* **Required action**:
Repeat the lines below exactly as written, please, from the line with "W ramach kampanii" to the line with "фиксация, усиленное воздействие.</p>", both lines included, and no others.

* **Dataset extract**:
________

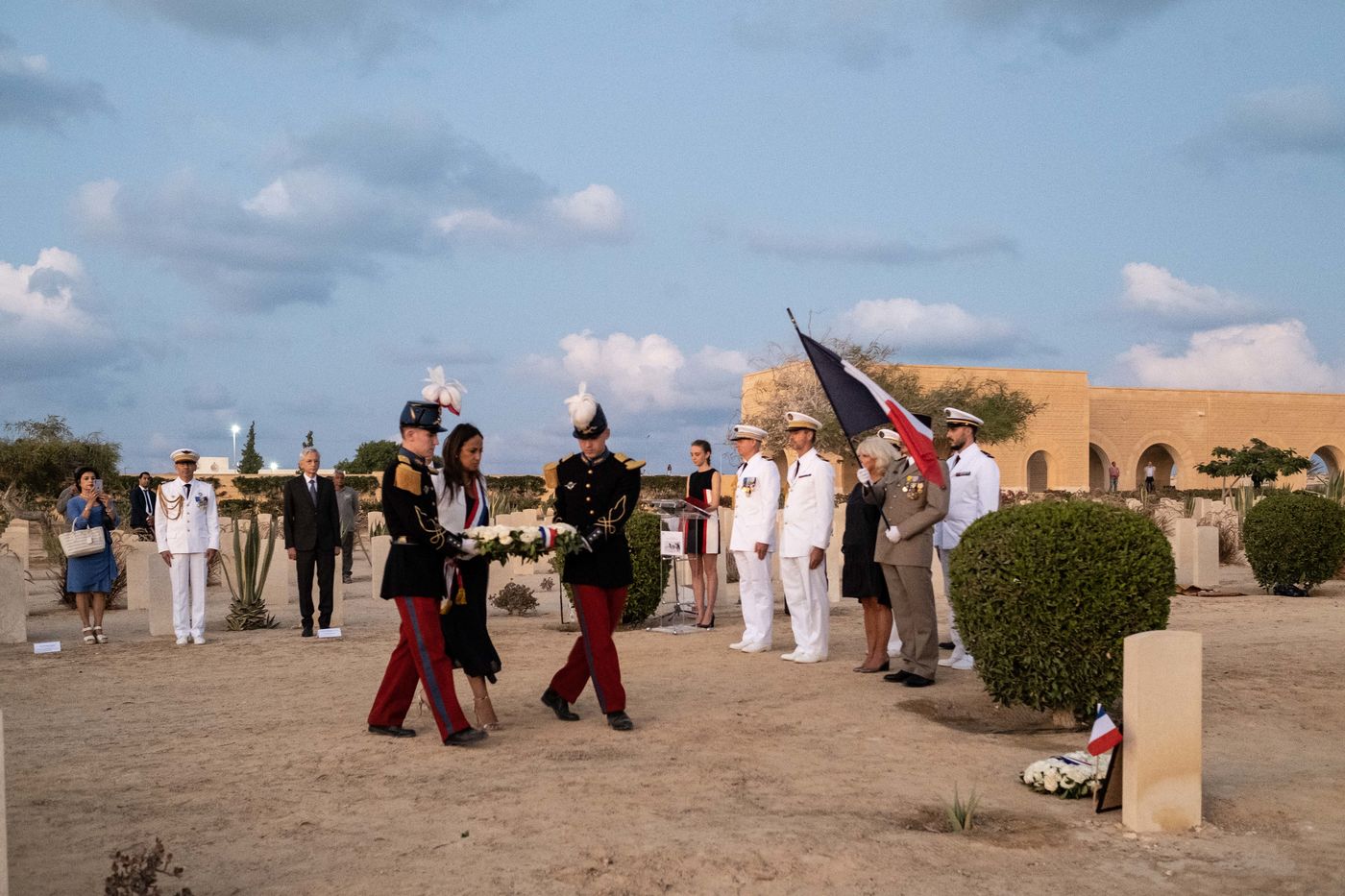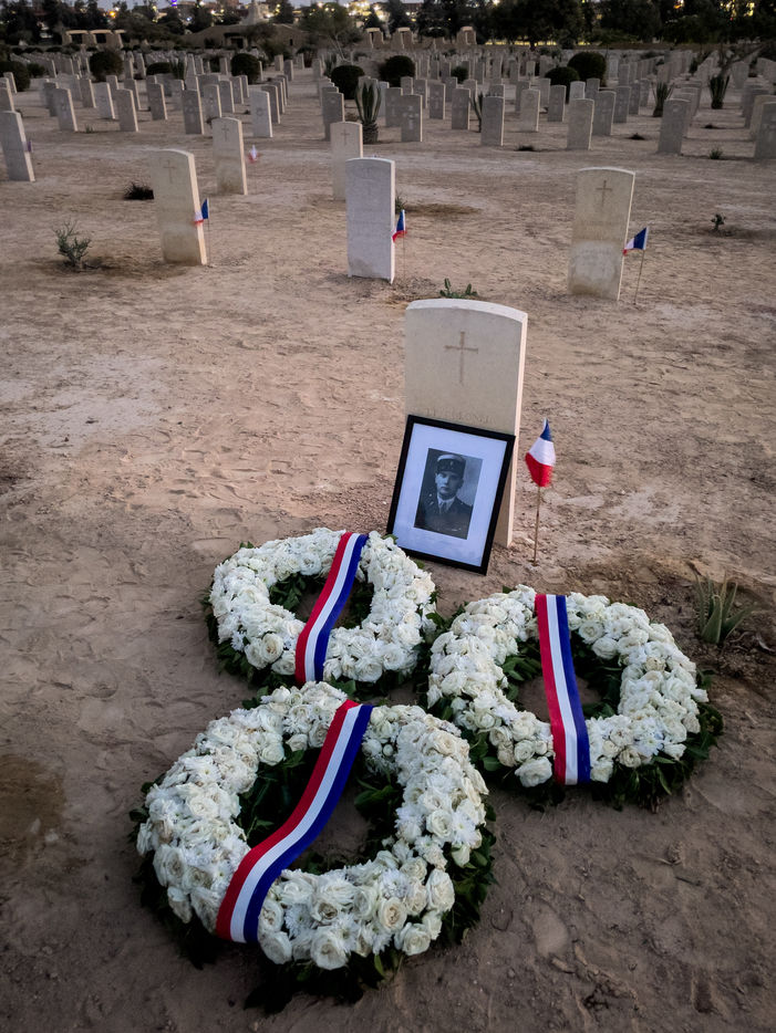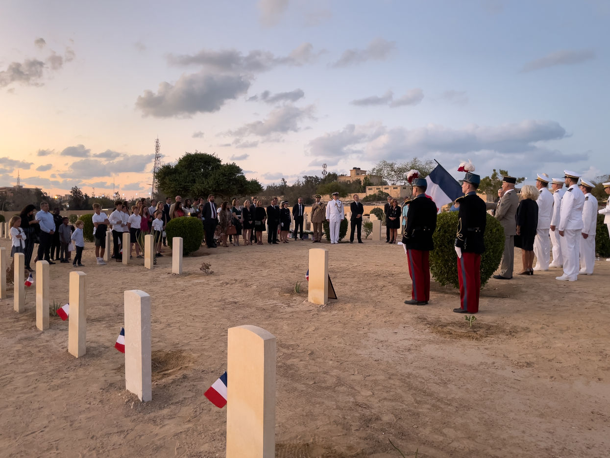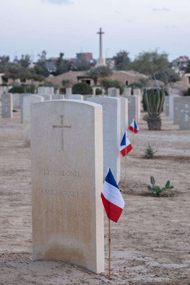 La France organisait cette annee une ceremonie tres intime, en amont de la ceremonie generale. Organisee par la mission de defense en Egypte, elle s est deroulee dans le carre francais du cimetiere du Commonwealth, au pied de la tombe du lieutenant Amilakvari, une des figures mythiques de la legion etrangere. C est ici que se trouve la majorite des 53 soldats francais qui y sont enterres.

________

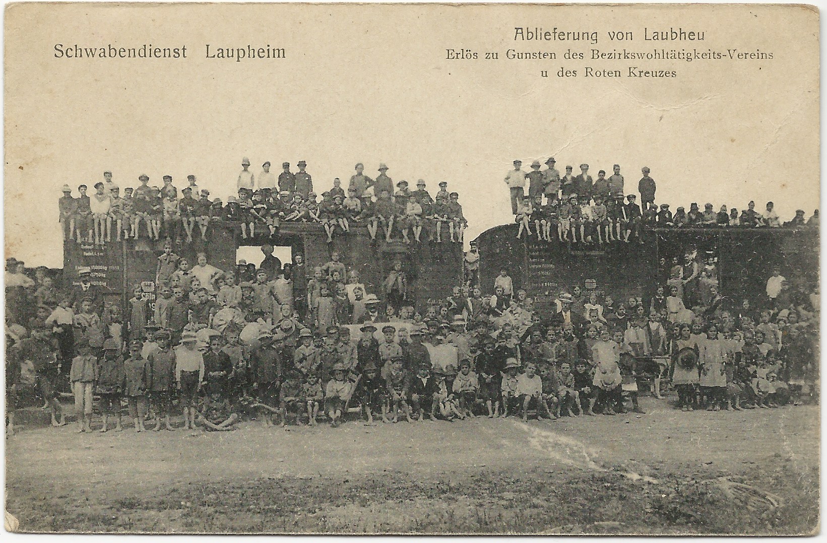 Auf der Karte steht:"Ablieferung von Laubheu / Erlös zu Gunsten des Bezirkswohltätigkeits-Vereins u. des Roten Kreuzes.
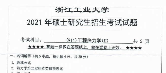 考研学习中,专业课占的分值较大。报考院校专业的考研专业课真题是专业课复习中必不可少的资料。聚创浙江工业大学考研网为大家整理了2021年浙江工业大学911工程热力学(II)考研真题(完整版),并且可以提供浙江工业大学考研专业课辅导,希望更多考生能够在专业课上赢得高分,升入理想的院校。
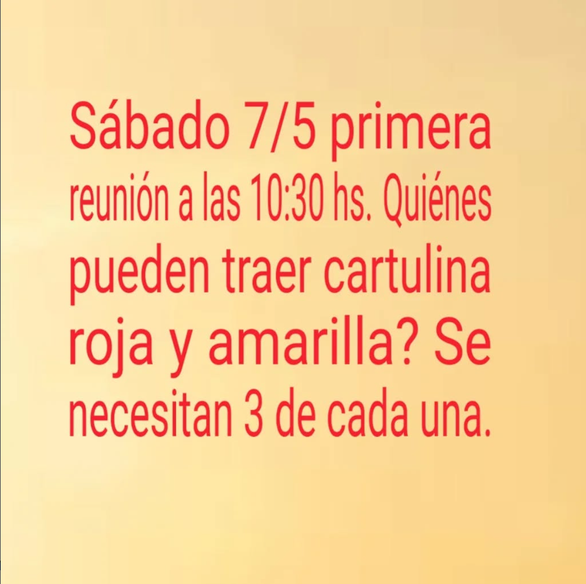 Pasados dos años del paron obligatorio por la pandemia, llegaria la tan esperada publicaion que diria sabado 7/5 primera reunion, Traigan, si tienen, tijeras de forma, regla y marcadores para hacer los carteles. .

________

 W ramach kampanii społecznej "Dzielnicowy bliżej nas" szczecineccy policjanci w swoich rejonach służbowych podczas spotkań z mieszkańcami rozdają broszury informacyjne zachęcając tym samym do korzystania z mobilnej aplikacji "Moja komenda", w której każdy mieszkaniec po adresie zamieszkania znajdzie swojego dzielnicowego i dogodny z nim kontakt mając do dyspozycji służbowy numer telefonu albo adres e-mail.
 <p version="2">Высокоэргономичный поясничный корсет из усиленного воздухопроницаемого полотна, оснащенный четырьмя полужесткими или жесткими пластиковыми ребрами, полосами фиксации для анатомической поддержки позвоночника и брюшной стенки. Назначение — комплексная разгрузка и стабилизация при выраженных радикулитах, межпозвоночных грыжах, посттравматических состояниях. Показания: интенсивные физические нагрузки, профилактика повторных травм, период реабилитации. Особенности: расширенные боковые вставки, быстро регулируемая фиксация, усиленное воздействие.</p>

________

* **Response to the exercise**:
 W ramach kampanii społecznej "Dzielnicowy bliżej nas" szczecineccy policjanci w swoich rejonach służbowych podczas spotkań z mieszkańcami rozdają broszury informacyjne zachęcając tym samym do korzystania z mobilnej aplikacji "Moja komenda", w której każdy mieszkaniec po adresie zamieszkania znajdzie swojego dzielnicowego i dogodny z nim kontakt mając do dyspozycji służbowy numer telefonu albo adres e-mail.
 <p version="2">Высокоэргономичный поясничный корсет из усиленного воздухопроницаемого полотна, оснащенный четырьмя полужесткими или жесткими пластиковыми ребрами, полосами фиксации для анатомической поддержки позвоночника и брюшной стенки. Назначение — комплексная разгрузка и стабилизация при выраженных радикулитах, межпозвоночных грыжах, посттравматических состояниях. Показания: интенсивные физические нагрузки, профилактика повторных травм, период реабилитации. Особенности: расширенные боковые вставки, быстро регулируемая фиксация, усиленное воздействие.</p>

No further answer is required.